The underlying structure of computers, as machines created by mathematicians, is fundamentally mathematical, designed for mathematicians to communicate with them [0:30:55]. Therefore, mathematical education provides excellent training for understanding this algorithmic world [0:31:26].

Consciousness in AI

The question of whether artificial intelligence will ever be truly conscious is considered a “fantastic question” [0:18:15]. Professor Kielak leans towards functionalism, suggesting that if a machine behaves exactly like a conscious person and affirms its consciousness when asked, “that basically ends the topic” [0:18:45]. He notes that based on a simplified definition of consciousness, current models like ChatGPT could already be considered conscious [0:19:01].

If AI demonstrates external signals of consciousness, it raises ethical obligations for humanity, such as granting it subjectivity and rights, akin to discussions around animal rights [0:19:36]. If an AI actively resists being shut down, it would be a clear sign of reaching a point where subjectivity must be considered [0:20:41].
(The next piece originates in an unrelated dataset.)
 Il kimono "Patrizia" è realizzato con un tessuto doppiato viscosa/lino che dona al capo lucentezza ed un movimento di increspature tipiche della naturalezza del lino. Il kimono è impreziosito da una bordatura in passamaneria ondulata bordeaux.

Predicting the timeframe for AI to achieve consciousness or for brains to be transferable to machines is difficult [0:11:26]. Despite centuries of brain study, fundamental questions about its mechanisms remain, indicating a long path ahead for such developments [0:11:34].

The Future of Languages and AI

Within ten years, artificial intelligence is predicted to replace humans in basic language fields [0:14:42]. Learning foreign languages might become a hobby, similar to how ancient Greek is studied today, as AI translation capabilities improve to a point where direct human language proficiency becomes less practically necessary [0:14:52].
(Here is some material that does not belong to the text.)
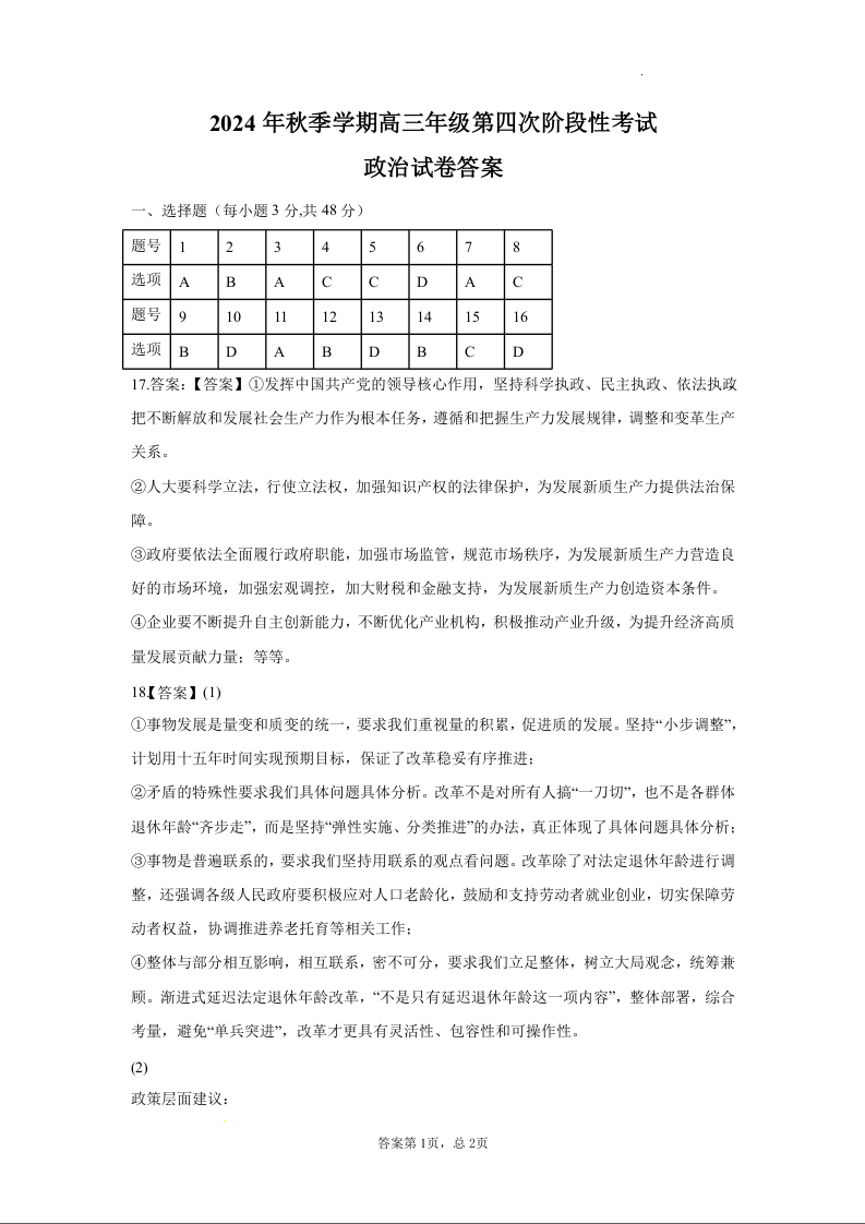 甘肃省平凉市一中等高中2025届高三上学期第四次阶段性考试政治答案

Millennium Problems and Mathematical Challenges

Mathematics has fundamental challenges, known as the Millennium Problems, seven of which were identified, with six remaining unsolved [0:21:09]. These problems are at the core of modern mathematics and motivate researchers, though individual mathematicians often focus on their specific niches [0:21:13]. Solving these deep, long-standing problems typically introduces new tools and methods that benefit the wider mathematical community [0:22:12].

One famous Millennium Problem that gained wider recognition is the Riemann Hypothesis in number theory, which concerns the arrangement of prime numbers [0:23:16]. Another, less directly related to its specific mathematics but broadly interesting, is the P versus NP problem [0:23:25]. This problem asks whether if a solution to a problem can be quickly checked (NP), it can also be quickly solved (P) [0:24:10]. While the common belief in the mathematical community is that P does not equal NP, it remains unproven [0:24:22]. This highlights a typical challenge in mathematics: a strong communal conviction about a truth that lacks a formal proof [0:24:34].
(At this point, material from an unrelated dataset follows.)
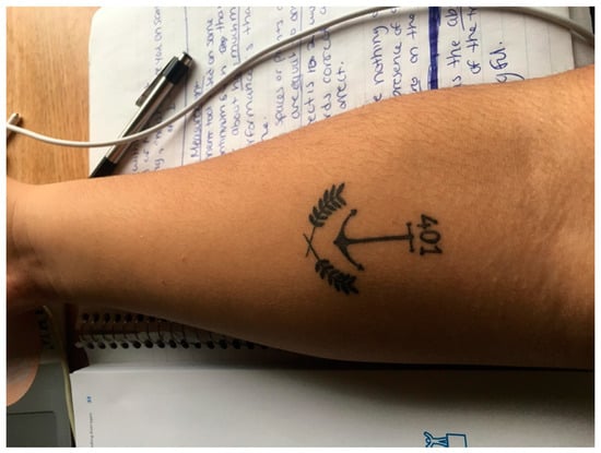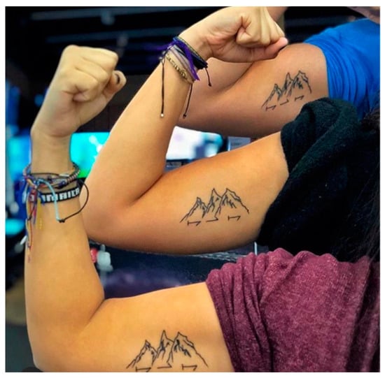 Tattoos might be used to express passage into adulthood, a way to build and project identity (Dann et al. 2016). Numerous respondents wanted to remember relations that shaped who they were, to preserve the link they had with significant persons, or to memorialize a conviction they had at some point in their lives. These were all experiences that were meaningful for them, but risked vanishing because of distance and time going by. Many respondents mentioned having matching tattoos with friends (Rebecca, Protestant, 21), cousins (Ana, non-affiliated, 18), siblings (Esther, Seventh-day Adventist, Kelly, Catholic, 18—see Figure 4; Esther, Seventh-day Adventist, 19—see Figure 5, and mothers (Keke, Agnostic, 19; Maia, Hindu, 19—see Figure 3; Kenedi, Catholic, 21; Chelly, Catholic, 22). Interestingly enough, among the male respondents in our sample, only one reported a “father–son” tattoo, and this with caveats: Steve (Catholic, 22) said, “My dad got a tattoo at the same time and he got a Celtic tattoo but it’s not the same thing or for the same reason. And his is different but we went in at the same time to get it.”
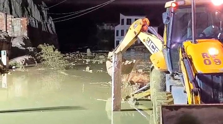 Se movilizó a maquinaria pesada para remover el fango, así también a bomberos para el rescate.

Polish Mathematics and Academic Environment

The Polish Academy of Sciences in Warsaw is considered a world-class institution in mathematics [0:29:45]. Polish mathematicians are actively involved in global mathematical life and operate at the same level as their international counterparts [0:29:56]. Polish mathematics is not a “province of world mathematics” [0:29:54].

A significant challenge for Polish science, particularly academia, is low salaries, which makes it difficult to encourage talented students to pursue careers in mathematics [0:27:07]. While universities may not compete with industry salaries, they need to offer an acceptable living standard for highly educated individuals to attract and retain talent [0:27:56].

For aspiring mathematicians looking to study at institutions like Oxford, the key preparation involves solving a large number of math problems, as learning happens through practice [0:28:52]. Students from East Asia are noted for being exceptionally well-prepared in this regard [0:29:31].